Laurie and Ed worked together for the next several years, Laurie learning more mechanics from his boss. Ed was a good man. I guess I forgot to mention that Wes Ladd moved to the new Hollis Auto with his rocker, but didn’t stay long. Too busy for him, I think. There were many adventures at the new Hollis Auto. They had an old 1.5 ton wrecker that they used for plowing snow as well as accidents.

It was a challenge and the dynamic duo plowed snow in some pretty fierce snow storms. Upon returning from a trip to Flint Pond, they found someone’s mailbox sitting on the back of the wrecker. Also, Irving Simonds donated one of his trees to the cause of getting the wrecker “unstuck.” Then there was a black and white panel truck used for road calls. That truck could move when nothing else in town could. Back then, cars didn’t start on cold mornings and Laurie remembers starting as many as 45 cars on one morning.

In 1967, Laurie leased Hollis Auto from Eddie. He leased it for five years and bought it in 1972. Eddie gave Laurie a really good deal and made it possible for him to be in business for himself. Ed Cadrain was not only Laurie’s boss – he was a good friend and mentor. Ed retired and worked part time at the car dealers in Nashua. His health was failing and he moved his family from Baxter Road in Hollis to Florida where he died at the age of 53.
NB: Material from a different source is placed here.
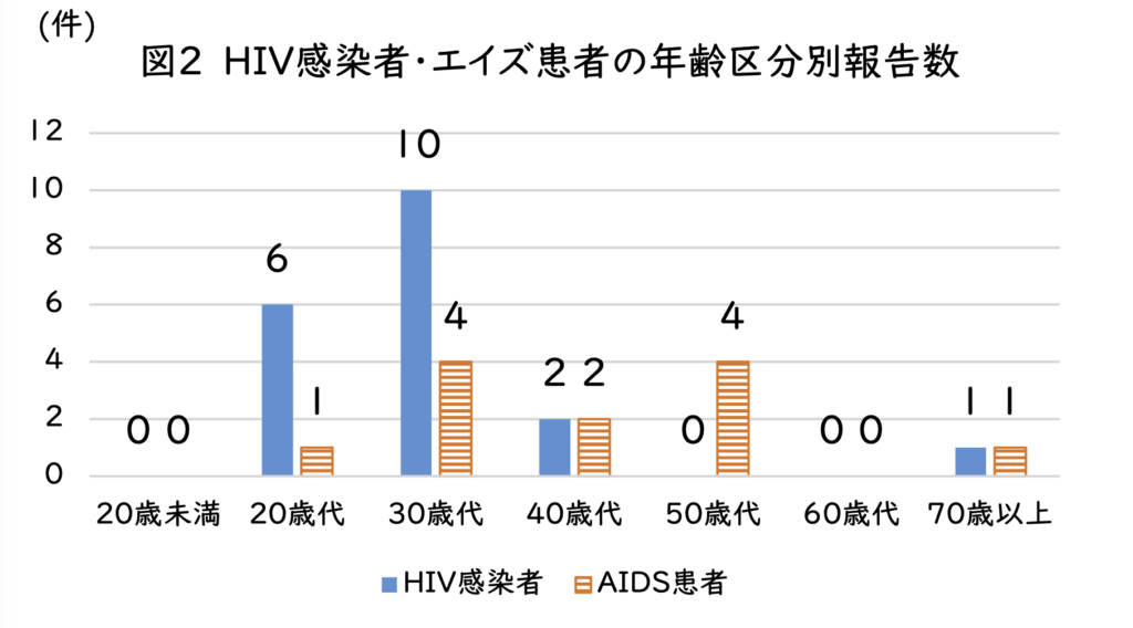 また、HIV感染者・エイズ患者の年齢区分別報告数は以下のグラフのようになっています。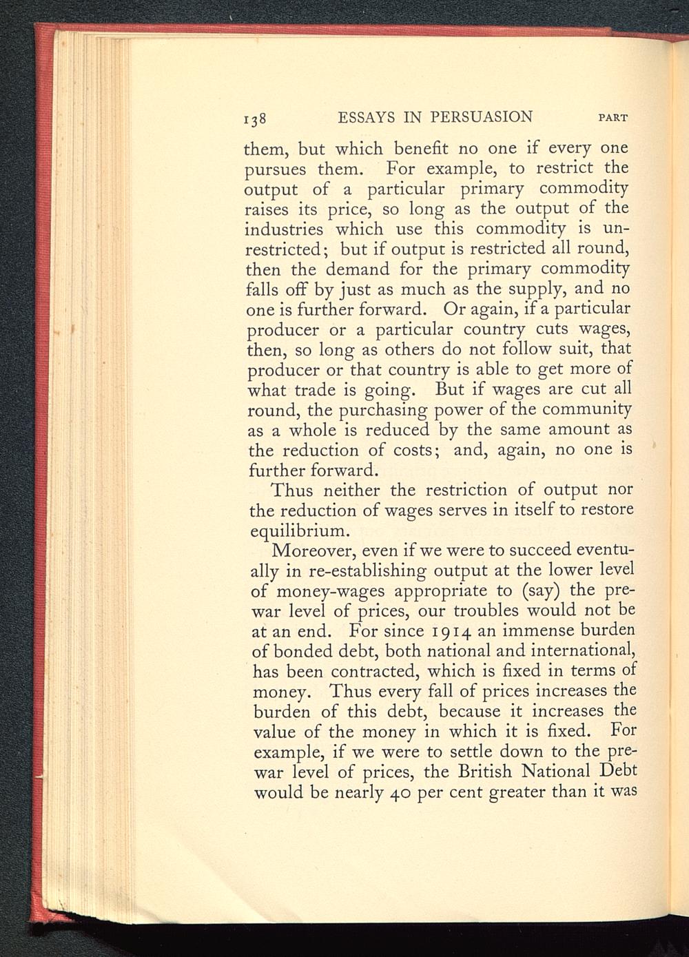 Moreover, even if we were to succeed eventu-ally in re-establishing output at the lower levelof money-wages appropriate to (say) the pre-war level of prices, our troubles would not beat an end. For since 1914 an immense burdenof bonded debt, both national and international,has been contracted, which is fixed in terms ofmoney. Thus every fall of prices increases theburden of this debt, because it increases thevalue of the money in which it is fixed. Forexample, if we were to settle down to the pre-war level of prices, the British National Debtwould be nearly 40 per cent greater than it was

In 1978, Laurie added four bays to the back of Hollis Auto. Leo Ballou was the carpenter for that project. Laurie’s brother, Jimmy, came to work for him about 1970 and, in a few years, our boys, Tom, John, Dusty and Jim joined the crew. Nephews Jamie and Gerry Woods and Mike and Gregg Lingley followed. Uncle Jimmy’s life became more interesting with all those nephews taking care of him. They treated him as a cat would treat a mouse.

Hollis Auto is a family business and son-in-law Jay Martin joined the crew. Tim McShea, Chip Blanchard, Charlie Bell, Butch Stevens, Chuck Hogan, Larry Sylvain, Ed Murphy, Richard Duncan, Danny Whitty, Jonah Ferguson, Bryan Wargo, Chris Duncan, and John Lingley’s wife, Kathy, just to name a few of our valued employees over the years. The Lingley sons still work with their dad. Tom, a Nashua fire lieutenant is in charge of the billing, John and Jim are mechanics, and they watch over their dad. John’s wife, Kathy, is in charge of the front office and the greyhounds. Some things have changed at Hollis Auto:

• Computers have taken over the office and repair bays.

• The price of gas is $3.33 and not 30 cents.

• The old wrecker has been replaced by an assortment of ramp trucks.

• The Jenny station is now Sunoco.

• Peterborough Oil, our gas supplier for many years, has become Alliance Energy.

• The one pump station now has eight pumps. No rocking chair beside the road with a friendly fella pumping your gas.

The guy from Everett passing through on his way to a hunting trip probably had no idea where the deal that he struck up would end. He married a girl by the name of Peggy and they raised their children on Baxter Road, four sons and a pretty daughter. He took a young Hollis boy under his wing and left him and his boys with a business that would keep him busy for 40-plus years to come.

If you stop by Hollis Auto, you will probably be greeted by an assortment of rescued greyhounds and a very pretty lady beagle by the name of Minnie Pearl. And if you stop by around noon time, you just might get some lunch!

Cally Lingley is writing for the Hollis Historical Society.